The DOL finalized a rule in May that doubled the salary threshold below which workers are entitled to overtime—to $47,476 from $23,660.
Puzder wrote an op-ed for Forbes magazine the day the Obama administration announced the final overtime rule. “This new rule will simply add to the extensive regulatory maze the Obama Administration has imposed on employers, forcing many to offset increased labor expense by cutting costs elsewhere,” Puzder said.
Shah took issue with Puzder’s criticism. “The idea that somebody could be paid a weekly or yearly salary at the level of the current DOL’s limit and be considered a management employee exempt from overtime wages is very troubling,” he said. The DOL estimated that the overtime rule would have boosted income for 4.2 million people. It was temporarily blocked Nov. 22 by a federal judge who said the department exceeded its authority in issuing it.
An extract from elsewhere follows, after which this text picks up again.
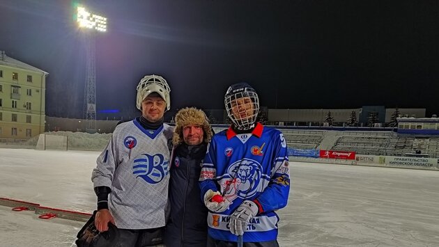 А после матча мы пообщались с Андреем Нагибиным, признавшимся, что забитый мяч был для него «трудовым». А первый забитый мяч молодой хоккеист посвятил своему отцу, Сергею Викторовичу, который работает тренером в СШ «Родина». В этот вечер, пожалуй, на стадионе не было счастливее человека, чем Сергей Нагибин.
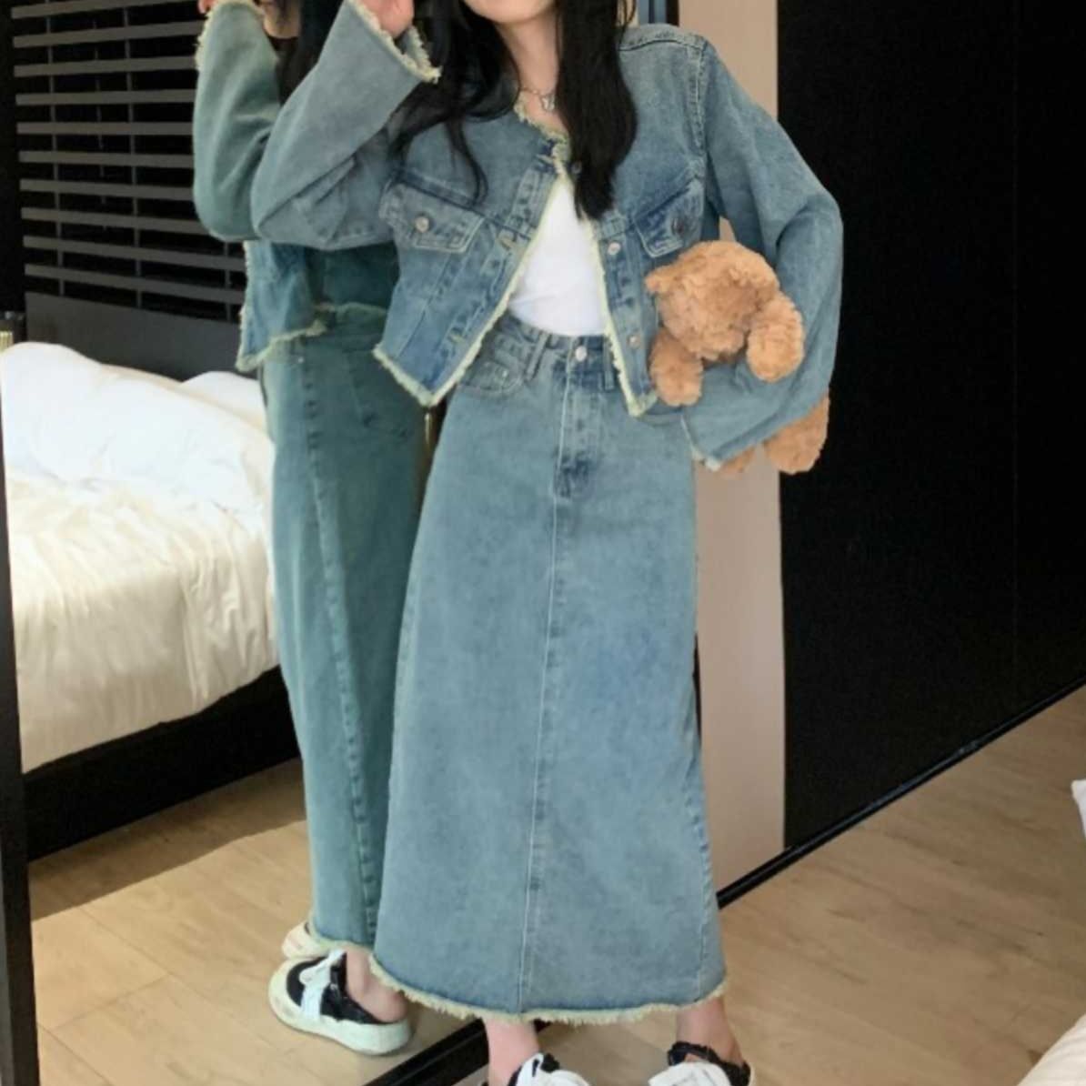 短めのジャケットとロングスカートの組み合わせで、カジュアルながらも女性らしいシルエットを実現。

Trump’s campaign promises that he “would look out for workers rather than big businesses” don’t mesh with Puzder’s selection, Shah said. “By nominating the CEO of a business that relies on people who are paid below living wages, people who have to support families, that’s not what people are voting for,” he said.
Jonathan Keselenko, a partner in the Boston office of Foley Hoag LLP, expects Puzder’s selection to change the face of wage-and-hour enforcement. “The Department of Labor now absolutely gives employers no benefit of the doubt” in its investigations, said Keselenko, who serves as chair of the Wage and Hour Defense Institute, a professional association of employer-side attorneys.
“For those that are in states where there are Democrats running the relevant agency, I think you’re going to see the states pick up a lot of the enforcement activity,” Keselenko told Bloomberg BNA. Dec. 8.
He gave the example of Massachusetts, where the governor is a Republican but it’s the attorney general, a Democrat, who controls wage-and-hour enforcement.
“We’ll see more stepped-up efforts by the states,” Keselenko said. “I think the private bar will pick up a lot of what the federal government is doing.”